As the Lee Kuan Yew family feud transfixes Singapore, across the causeway Malaysians are marvelling at the manner in which the Lion City’s Prime Minister Lee Hsien Loong has addressed what might appear to some to be a private matter.
Lee Hsien Loong, the son of Singapore’s founding leader Lee Kuan Yew, is locked in a row with two siblings over the fate of their father’s estate at 38 Oxley Road. Lee Kuan Yew had in his will ordered the bungalow to be demolished, but the prime minister questions the making of the will and wants the government to decide whether the house ought to be preserved. His siblings want it demolished and have accused the prime minister of seeking to use the home as a monument to enhance his political capital – and to use Lee Kuan Yew’s legacy to burnish his son Li Hongyi’s political credentials.
The bitter family row broke into the public domain last week, when the siblings released a six-page memo to the media, prompting much national reflection in a land long-used to extreme discretion on behalf of its leading politicians.
What Lee Hsien Loong did next may be one of the most remarkable things in the whole long, sorry saga.
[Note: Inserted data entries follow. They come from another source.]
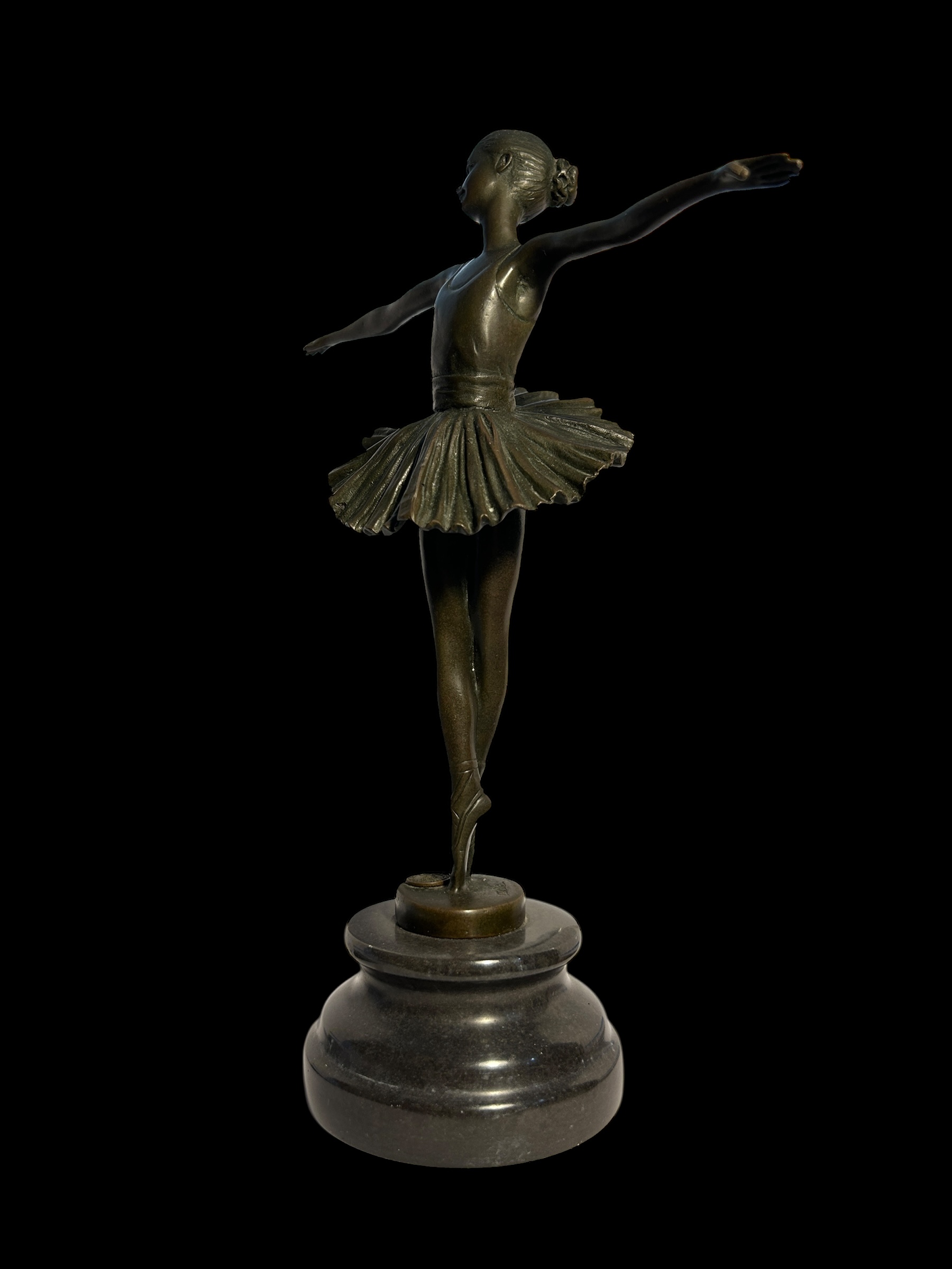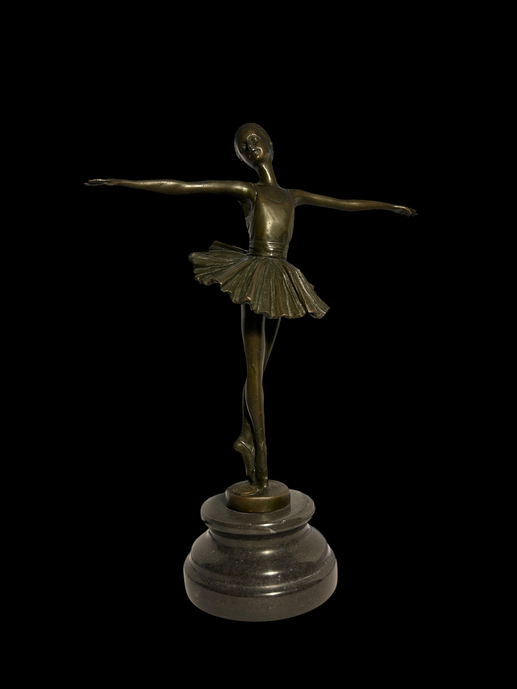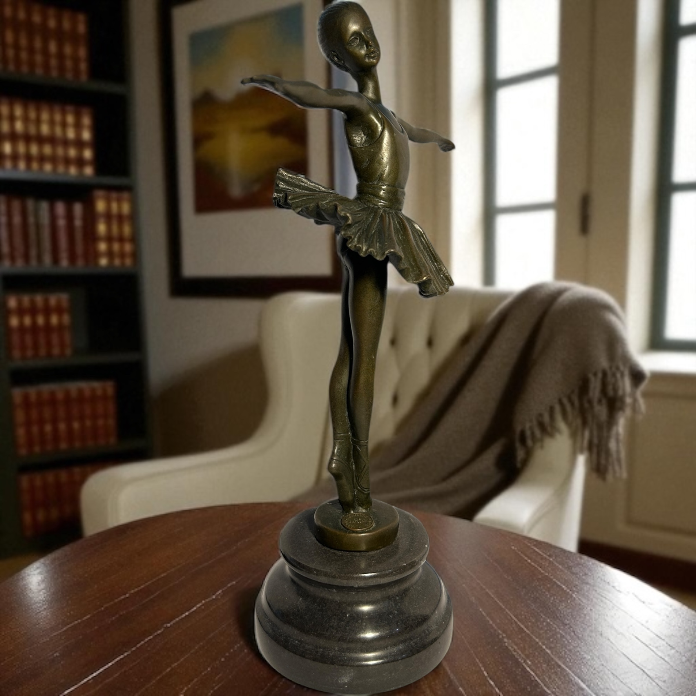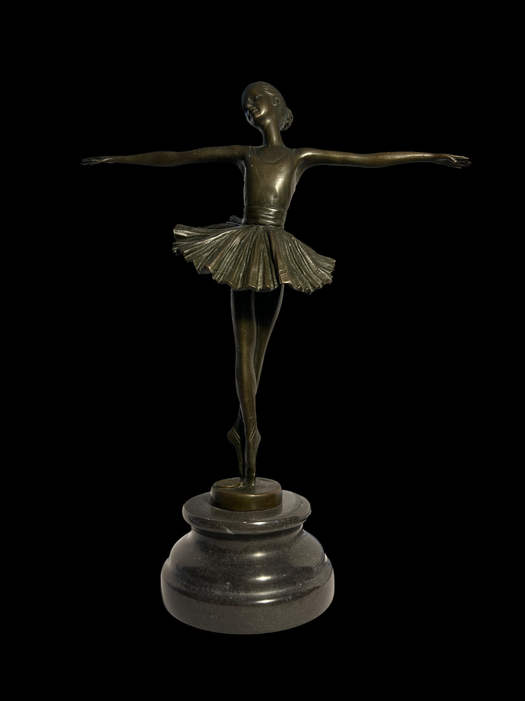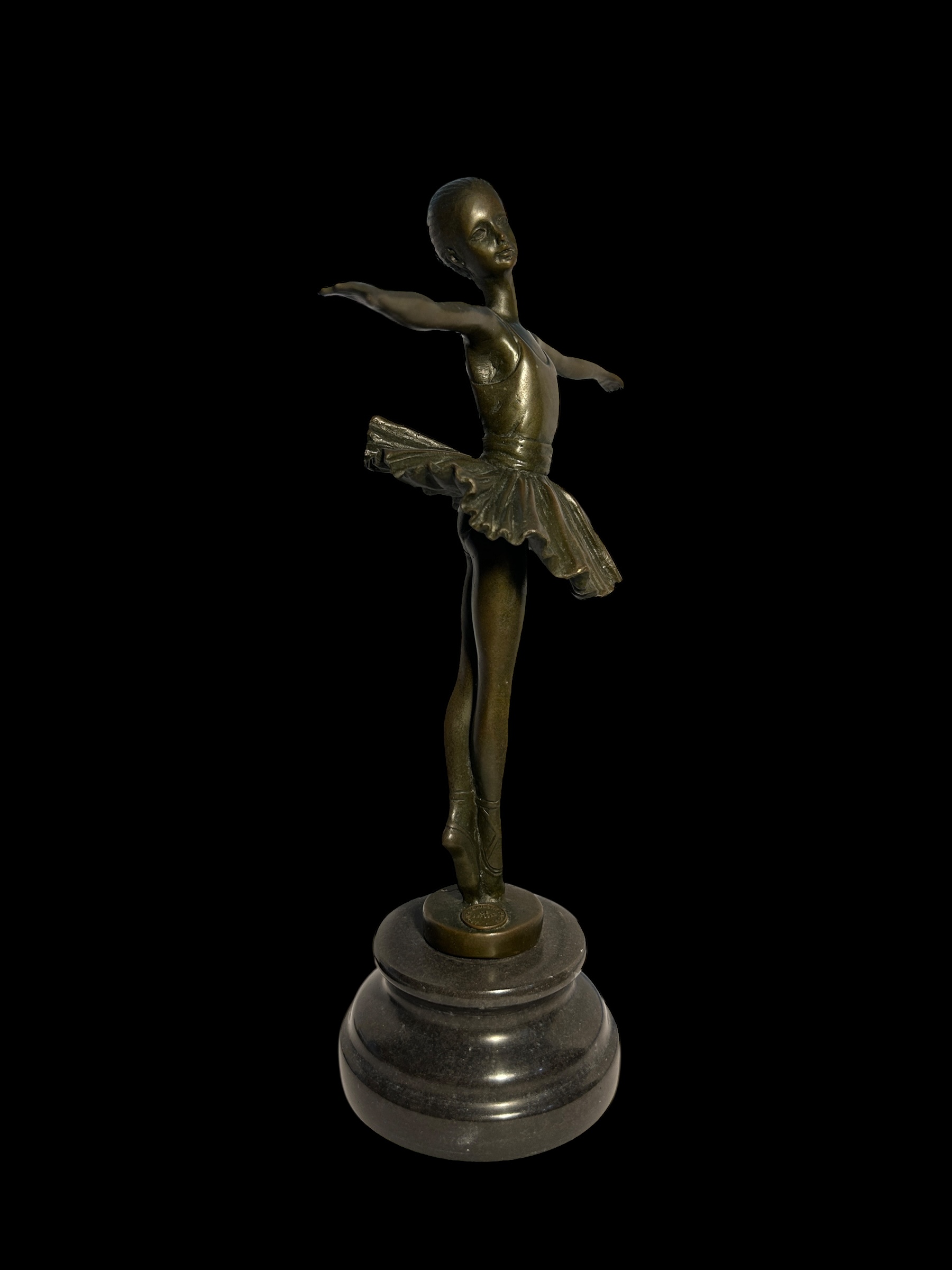 nàng đứng đó – dáng mảnh mai, kiêu sa, chiếc váy xòe bằng đồng tạo nên những nếp gấp sống động như đang lấp lánh giữa khúc nhạc thầm vang. chiếc bệ tròn chắc nịch bằng đá tự nhiên nâng nàng lên như một đóa hoa của sự thanh lịch và tập trung.
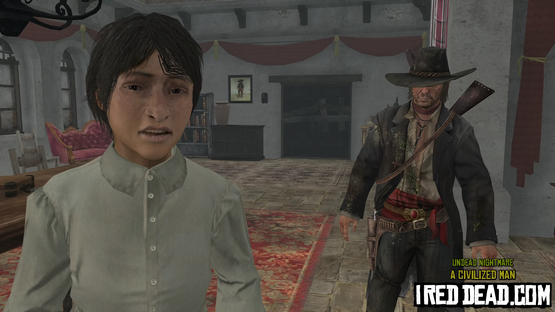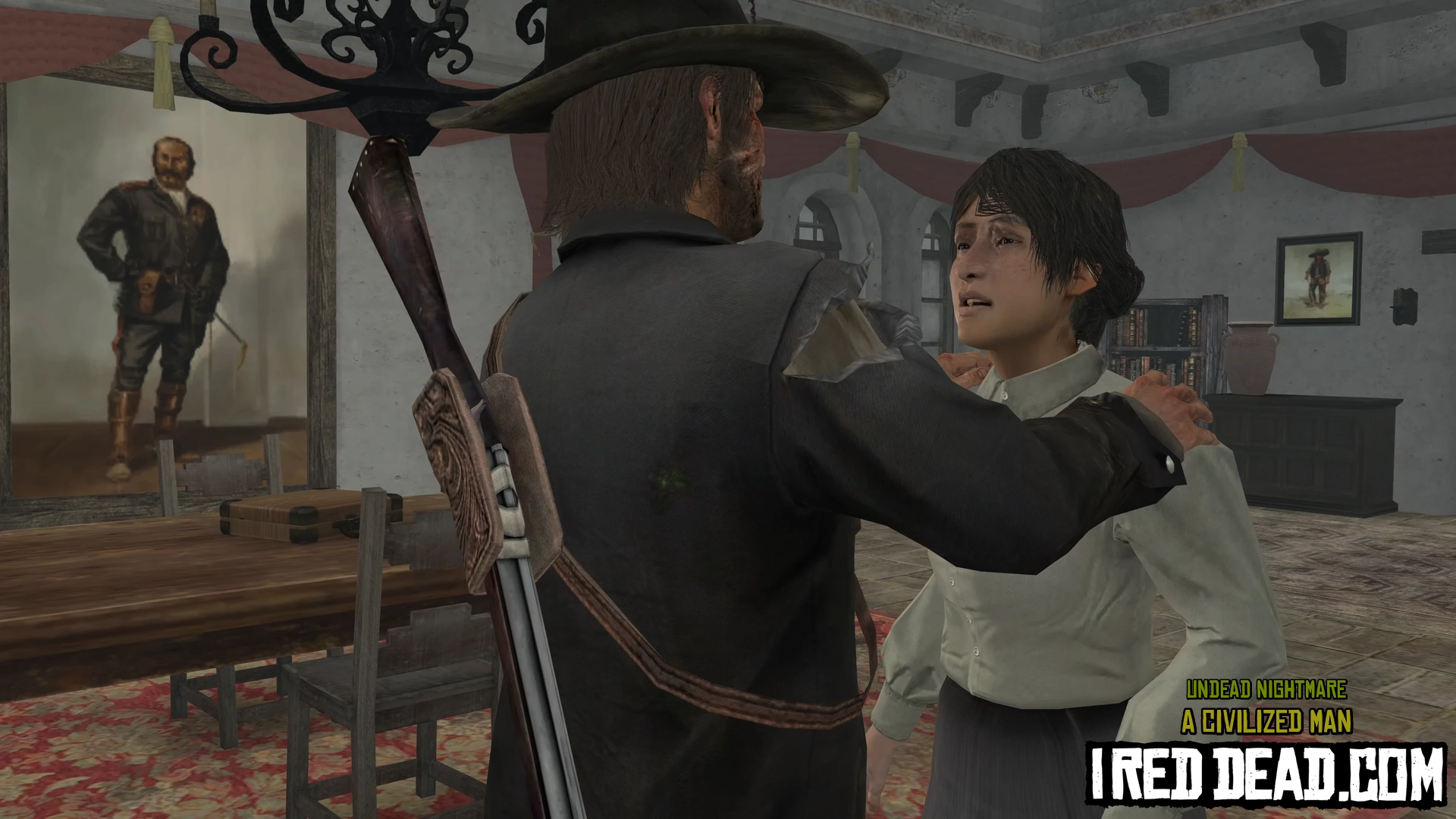 She points him up the stairs into the mansion. Inside a young woman is being chased around a table by a noticeably zombified Reyes.
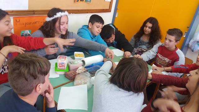 Τα σαρακοστιανά εδέσματα από εχθές δίνουν και παίρνουν! Πρότεινα λοιπόν στα παιδιά να ξαναγιορτάσουμε σήμερα (Τρίτη) τα κούλουμα. Ο καιρός μας τα χάλασε και δεν βοήθησε να κάνουμε στην αυλή το μίνι πικ-νικ που προγραμματίσαμε, αλλά με καλή θέληση περάσαμε πολύ όμορφα εντός τάξης! Εφόσον είχαμε κάνει αναφορά την προηγούμενη παρασκευή στα “κούλουμα” , στα ήθη και έθιμα τόπων, στη σαρακοστή, στα διάφορα σαρακοστιανά εδέσματα, γευτήκαμε παρέα μερικά απο αυτά!

On Monday, he apologised to the Singapore publicfor the pain and distress he said the row had caused them. He also said he would grant government MPs a free vote when he gives the issue a full airing in the legislature on July 3.
For Malaysians, Lee Hsien Loong’s openness, for better or worse, serves in stark contrast to how their prime minister, Najib Razak, has handled revelations that implicate him in the 1Malaysia Development Berhad (1MDB) investigation by the US Department of Justice.
Instead of tackling them head on, Najib has largely remained silent. His wife, characterised by the legal brief as the “spouse of Malaysian Official Number 1”, in turn has sought to contain any potential damage by threatening to sue anyone who accused her of corruption.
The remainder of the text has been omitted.